BayLegal is committed to providing meaningful access to the civil justice system through quality legal assistance regardless of a client’s location, language or disability.
Access to legal advocacy is critical to ensuring that Bay Area residents living in poverty understand and assert their rights, in order to create stability for themselves and their families.
BayLegal at a Glance: 2021 Impact
Our History
In 2000, three Bay Area legal services programs, each with its own identity, history, and resources, came together to form Bay Area Legal Aid.
The vision that brought these programs together is simple. We believe the scope and quality of the legal assistance you receive should depend solely on the merits of your case, not on where you live. Thus, we set out to build a program with a regional vision grounded in local communities. We learned what many of us already believed – despite differences among various counties, the legal problems of poor people are substantially similar.
We also believe that the civil justice community in the Bay Area has the resources to build an integrated, comprehensive delivery system capable of addressing our clients’ most pressing needs. BayLegal has more legal service programs and spends more dollars per poor person than any other region in California. We operate in a tremendously supportive environment, including some of the best law schools, the largest and most effective pro bono programs, and the most progressive private bar and law firms in the country.

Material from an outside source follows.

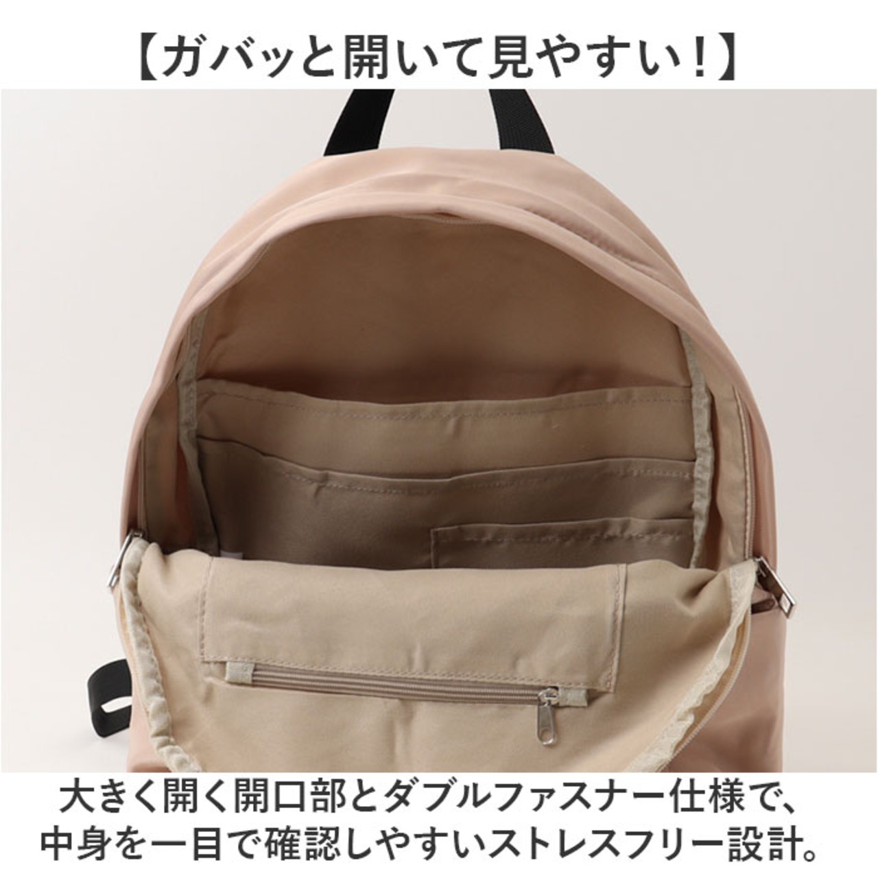 ・大きく開く開口部とダブルファスナー仕様で、中身を一目で確認しやすいストレスフリー設計。

We are mindful, of course, that as rich as we may be, our resources fall far short of what we need to provide legal assistance to all the people who need it. Yet, we must recognize the responsibility to rationally allocate the resources we do have throughout the region. Bay Area Legal Aid serves clients through regional offices in Alameda, Contra Costa, Marin, Napa, San Francisco, San Mateo, and Santa Clara counties.
We hope that some day, working with our sister legal services programs and other members of the civil justice community, regional boundaries will no longer determine the availability of legal services, nor influence our vision of what we can accomplish together.